Although no plant products that use RNAi-based genetic engineering have yet passed the experimental stage, development efforts have successfully reduced the levels of allergens in tomato plants[119] and decreased the precursors of likely carcinogens in tobacco plants.[120] Other plant traits that have been engineered in the laboratory include the production of non-narcotic natural products by the opium poppy,[121] resistance to common plant viruses,[122] and fortification of plants such as tomatoes with dietary antioxidants.[123] Previous commercial products, including the Flavr Savr tomato and two cultivars of ringspot-resistant papaya, were originally developed using antisense technology but likely exploited the RNAi pathway.[124][125]

History and discovery

    The discovery of RNAi was preceded first by observations of transcriptional inhibition by antisense RNA expressed in transgenic plants,[127] and more directly by reports of unexpected outcomes in experiments performed by plant scientists in the U.S. and The Netherlands in the early 1990s.[128] In an attempt to alter flower colors in petunias, researchers introduced additional copies of a gene encoding chalcone synthase, a key enzyme for flower pigmentation into petunia plants of normally pink or violet flower color. The overexpressed gene was expected to result in darker flowers, but instead produced less pigmented, fully or partially white flowers, indicating that the activity of chalcone synthase had been substantially decreased; in fact, both the endogenous genes and the transgenes were downregulated in the white flowers. Soon after, a related event termed quelling was noted in the fungus Neurospora crassa,[129] although it was not immediately recognized as related. Further investigation of the phenomenon in plants indicated that the downregulation was due to post-transcriptional inhibition of gene expression via an increased rate of mRNA degradation.[130] This phenomenon was called co-suppression of gene expression, but the molecular mechanism remained unknown.
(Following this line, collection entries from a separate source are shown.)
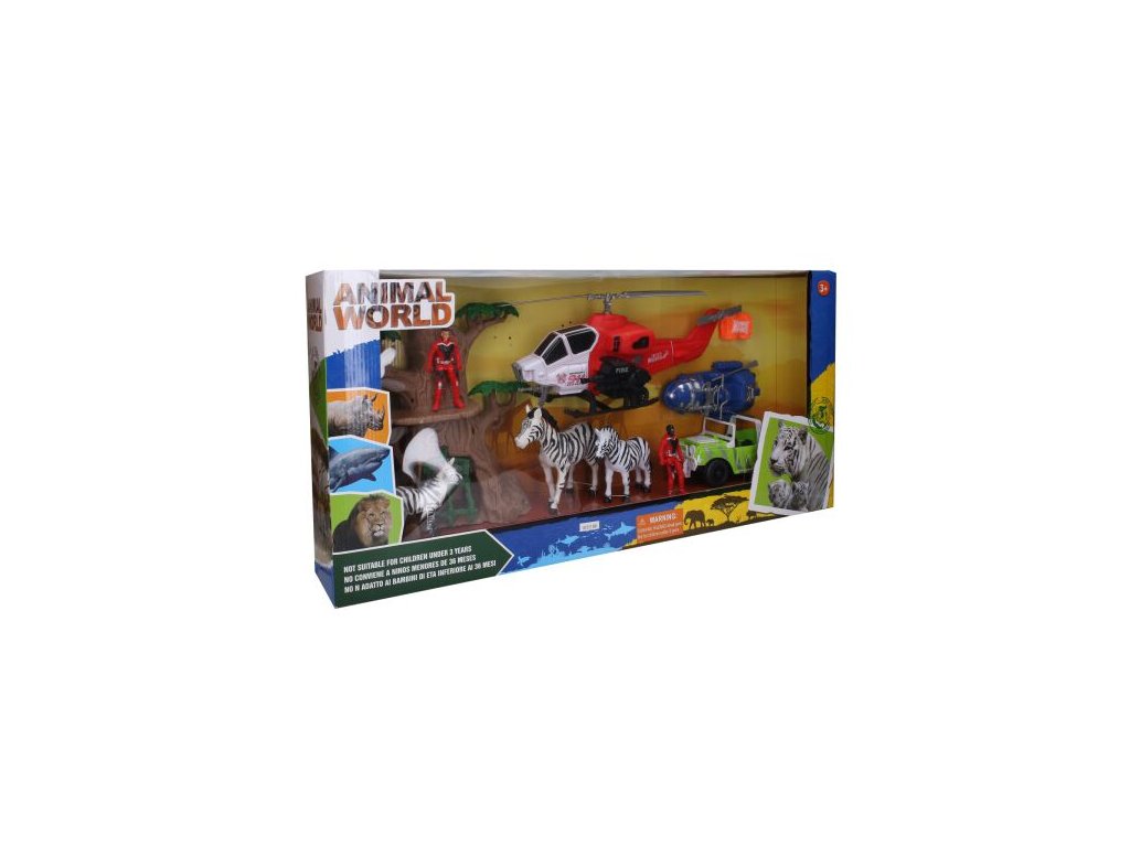 Záchrana zvířat sada s helikoptérou. Obsah balení - helikoptéra 39 cm, člun 19cm, džíp 22 cm, 3x zebra, 2 x figurka záchranář, 1x stromová strážní věž, 1x záchranný kufr. Pro děti od 3 letDoplňkové parametry
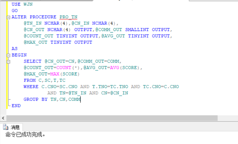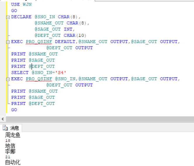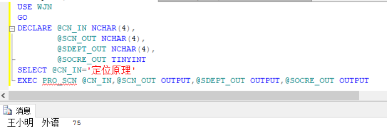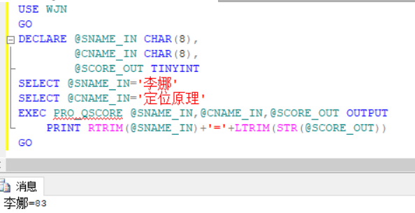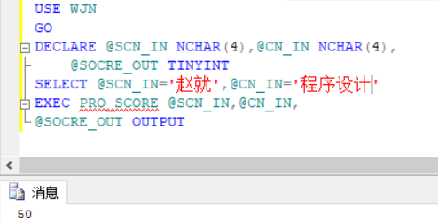 执行T-SQL语句,同样先声明变量与存储类型,再采用SELECT进行赋值操作,也可以采用SET对学生名与课程名进行赋值,最后再调用存储过程,将参数输入,最终在调用存储过程后将学生姓名与选课成绩打印出来。
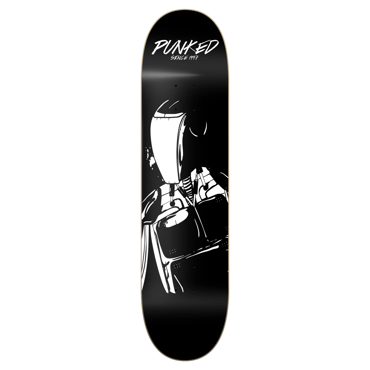 Robo -Robot Punked Skateboard Deck. This new school skateboard comes with a mellow concave allowing for a more flat-footed skating style. The edges of the board are not so bowled compared to medium and steep concaves. Robo Designed perfectly for those who are mechanically precise when it comes to skating. Skating clean lines, performing flawless tricks, and having spotless landings is what this graphic is all about.
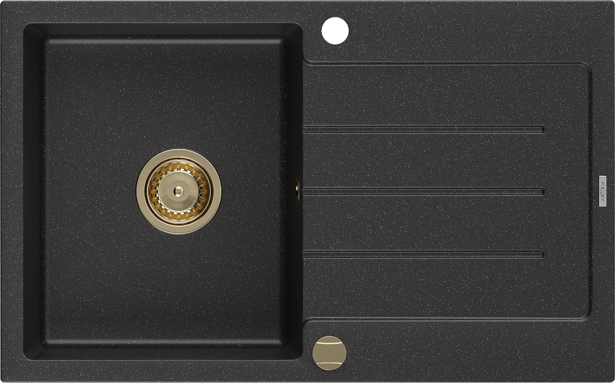 Mexen Bruno granito plautuvė 1-skyriaus su drenažu 795 x 495 mm, juoda/sidabrinis metalikas, auksinė sifonas - 6513791010-73-G
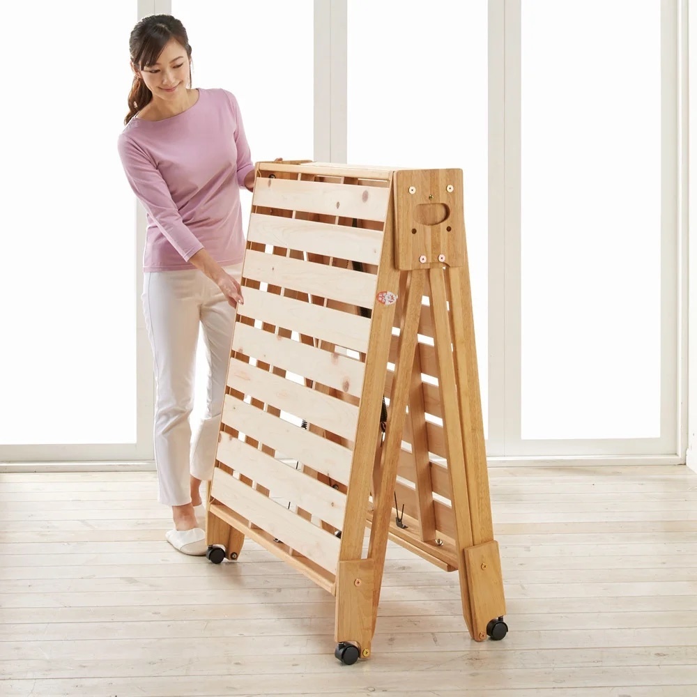 画像はシングルハイ ヘッドありタイプ(高さ45cm、床面まで36cm)です和室でも洋室でも活躍!ひのきすのこを使用した折りたたみ式ベッドお手持ちの布団を敷いてお使いいただけます。ほどよい高さがあるので立ち座りもしやすく、毎日の布団の上げ下ろしが大変な方にもおすすめです。
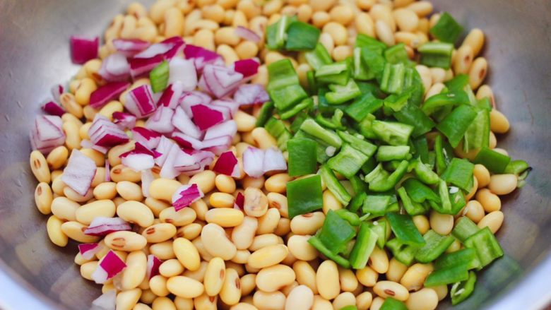 10. 把煮熟的黄豆,捞出沥干水分,放入一个大一点的容器里,加入切丁的洋葱和青椒。
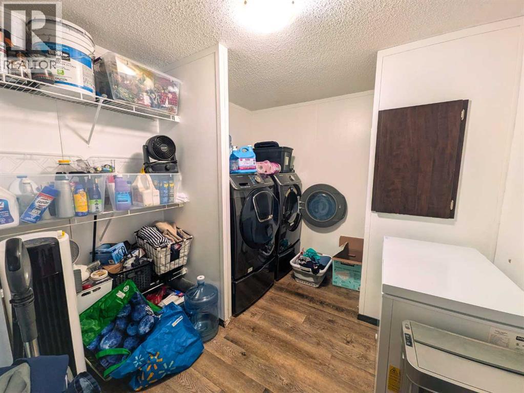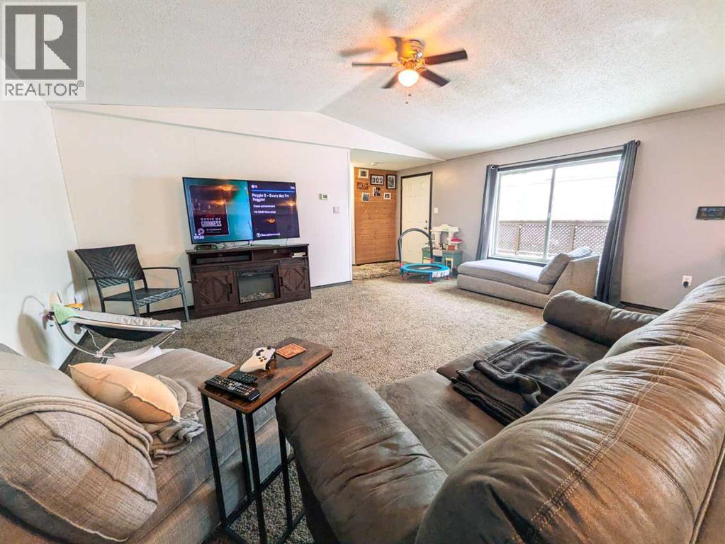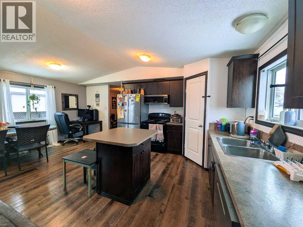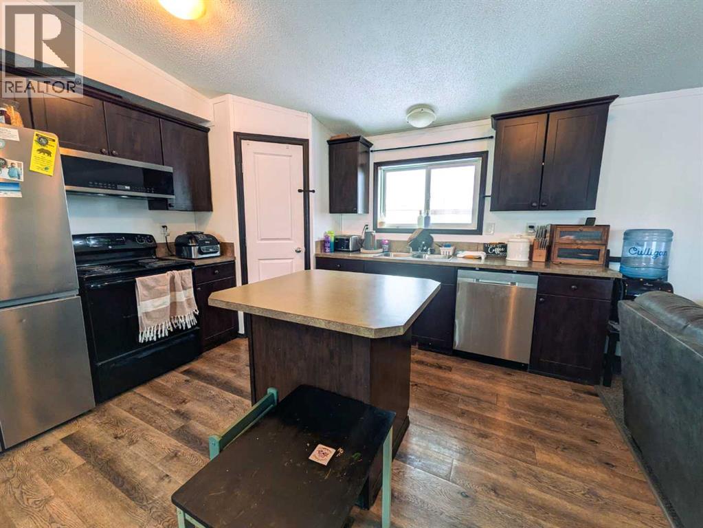 Welcome to this beautifully maintained 4 bedroom, 2 bathroom double wide modular home in Rycroft. The perfect blend of space, comfort, and affordability for families or first time buyers. Move-in ready and thoughtfully updated, this home offers high ceilings, an open-concept living area, and large windows that fill the space with natural light. The spacious kitchen is designed with family living in mind, featuring stainless steel appliances, rich dark cabinetry, a central island, and a convenient pantry. The primary suite provides a private retreat with a walk-in closet and an ensuite complete with a relaxing soaker tub. A massive laundry room offers incredible storage and functionality, ideal for busy households. Recent updates include newer flooring and paint, updated plumbing, a brand new dishwasher, and a furnace replaced in December 2025, already set up for easy central air installation.Step outside to a large deck and fully fenced yard, perfect for kids and pets, and enjoy the unbeatable location directly across from Rycroft School. With parks, shopping, and everyday amenities just minutes away, this home truly checks all the boxes for growing families looking for space, comfort, and value. (id:63190)
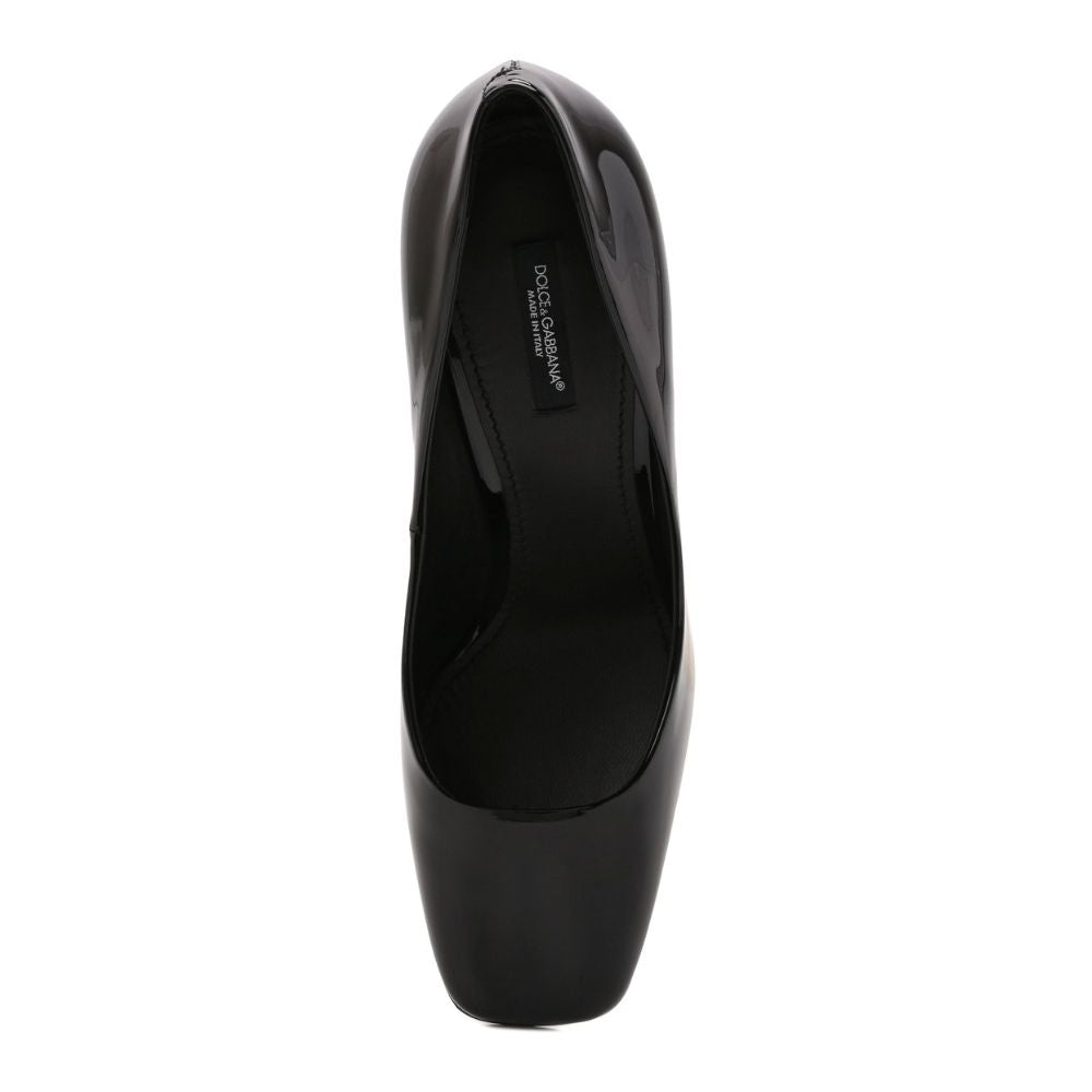 Dolce & Gabbana décolleté in black patent calfskin, gold-painted heel with three-dimensional DG logo.
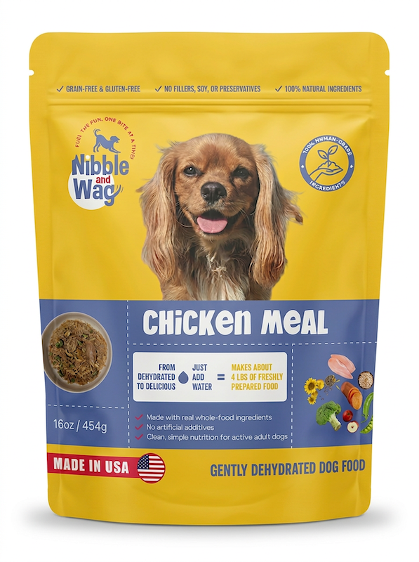 Nibble Chicken Meal: A gently dehydrated, complete and balanced meal for adult dogs. Made with real, whole-food ingredients and no artificial additives - just clean, simple nutrition for active adult dogs.
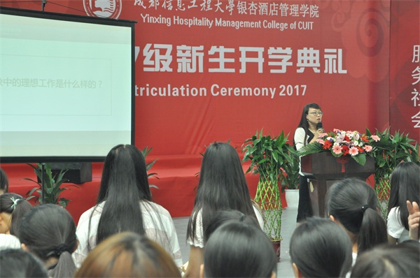2017年9月8日在体育馆开展了财务管理系开学典礼和行业专家讲座,首先是办公室主任李菲老师致辞,她主要从学生应该独立、坚强、富有等几个方面鼓励新生应该在大学生活里面,独立自主,学会自己做事,在生活,学习等多方面,学会自我安排,自我成长,在遇到困难时,坚强面对,要在精神层次上获得富有。
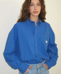 STITCH HEART POCKET OVER FIT SHIRT BLUE
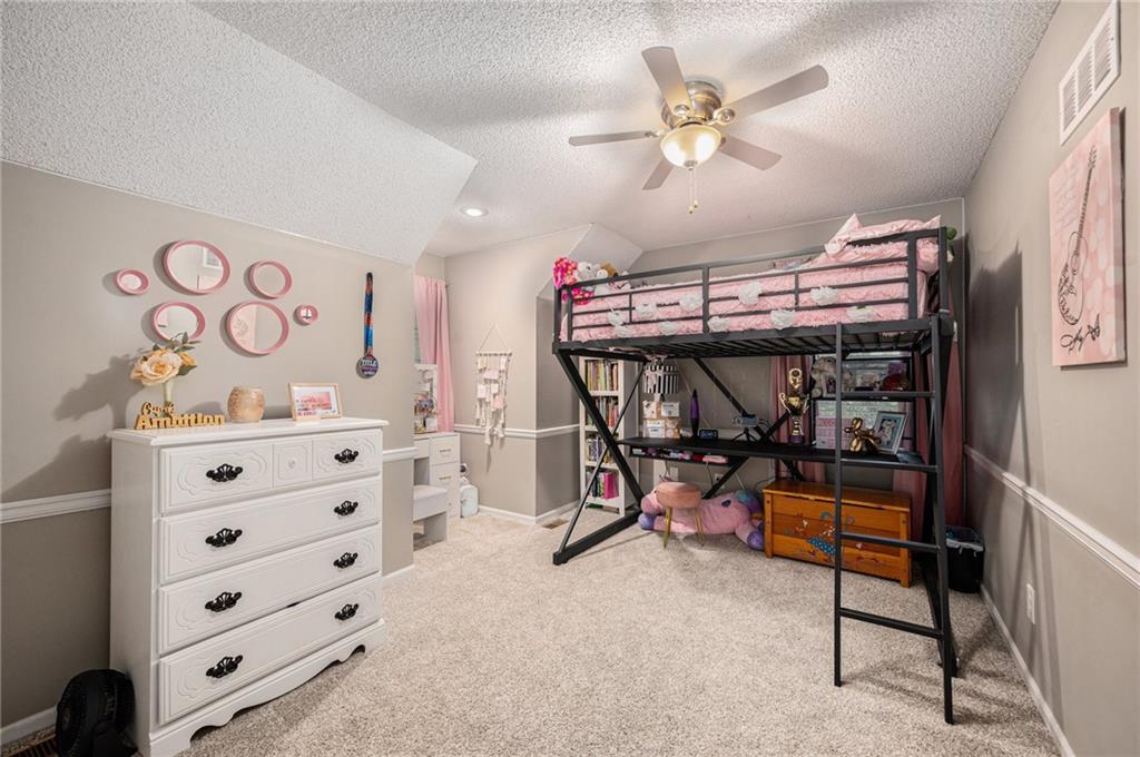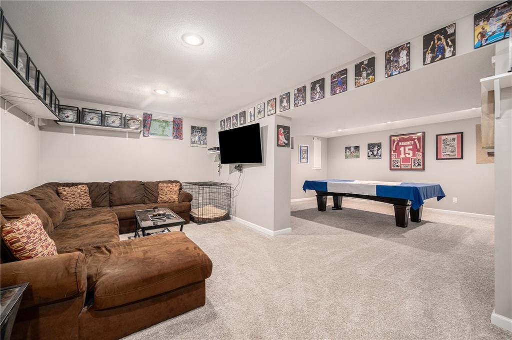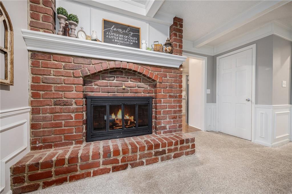 Step inside and you’re greeted by a welcoming foyer that leads you to a bright and inviting living room, complete with built-in storage and plenty of natural light. Down the hall, you’ll find an oversized family room. Perfect for large gatherings or cozy nights in, featuring a beautiful fireplace and a sliding glass door that opens to your back porch and private backyard oasis. The freshly updated kitchen is full of character, offering ample cabinetry, a breakfast nook with access to a peaceful balcony, and plenty of charm throughout. Flowing from the kitchen, the dining room boasts stunning bay windows that fill the space with natural light an ideal setting for family dinners or entertaining guests. Conveniently located off the kitchen is a small hallway with a coat closet, a half bath, and a spacious laundry room that connects directly to the two-car garage. Upstairs, the primary suite is a true retreat featuring its own private balcony and fireplace. The beautifully updated ensuite bath offers dual sinks, a walk-in shower, a generous walk-in closet, and an additional closet for extra storage. Two more spacious bedrooms. Each with walk-in closets and plenty of natural light, along with a full hall bath, complete the upper level. Downstairs, the finished basement is designed for entertaining whether it’s football watch parties, family movie nights, or hosting friends. Enjoy a large recreation area with a built-in bar, a full bathroom, and a non-conforming 4th bedroom (currently being finished). You’ll also find two additional storage rooms and a utility space to keep everything organized. Step outside to your spacious backyard, perfect for relaxing or entertaining. Enjoy peaceful nights under the stars by the charming fire pit or on the back deck. This home is filled with warmth, character, and modern updates throughout. Don’t miss your chance to make it yours!
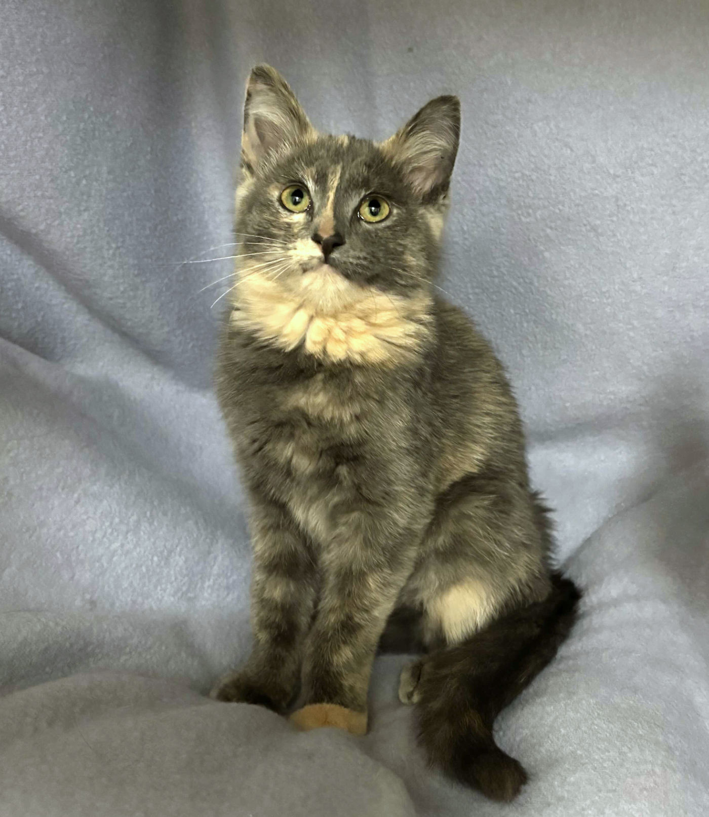 Hi there, I’m Churro! Just like my name, I’m sweet, swirly, and totally irresistible! I’m a 4-month-old dilute tortie with the softest colors and a personality that’s just as melt-in-your-mouth sweet.
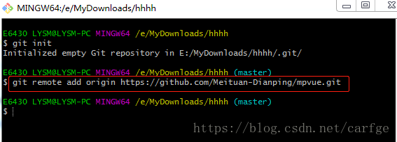 3、自己要与origin master建立连接(下划线为远程仓库链接)
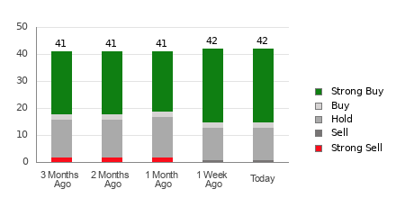 Netflix currently has an average brokerage recommendation (ABR) of 1.68, on a scale of 1 to 5 (Strong Buy to Strong Sell), calculated based on the actual recommendations (Buy, Hold, Sell, etc.) made by 42 brokerage firms. An ABR of 1.68 approximates between Strong Buy and Buy.

Not long after, plant virologists working on improving plant resistance to viral diseases observed a similar unexpected phenomenon. While it was known that plants expressing virus-specific proteins showed enhanced tolerance or resistance to viral infection, it was not expected that plants carrying only short, non-coding regions of viral RNA sequences would show similar levels of protection. Researchers believed that viral RNA produced by transgenes could also inhibit viral replication.[131] The reverse experiment, in which short sequences of plant genes were introduced into viruses, showed that the targeted gene was suppressed in an infected plant. This phenomenon was labeled "virus-induced gene silencing" (VIGS), and the set of such phenomena were collectively called post transcriptional gene silencing.[132]

After these initial observations in plants, many laboratories around the world searched for the occurrence of this phenomenon in other organisms.[133][134] Craig C. Mello and Andrew Fire's 1998 Nature paper reported a potent gene silencing effect after injecting double stranded RNA into C. elegans.[3] In investigating the regulation of muscle protein production, they observed that neither mRNA nor antisense RNA injections had an effect on protein production, but double-stranded RNA successfully silenced the targeted gene. As a result of this work, they coined the term RNAi. Fire and Mello's discovery was particularly notable because it represented the first identification of the causative agent for the phenomenon. Fire and Mello were awarded the Nobel Prize in Physiology or Medicine in 2006 for their work.[2]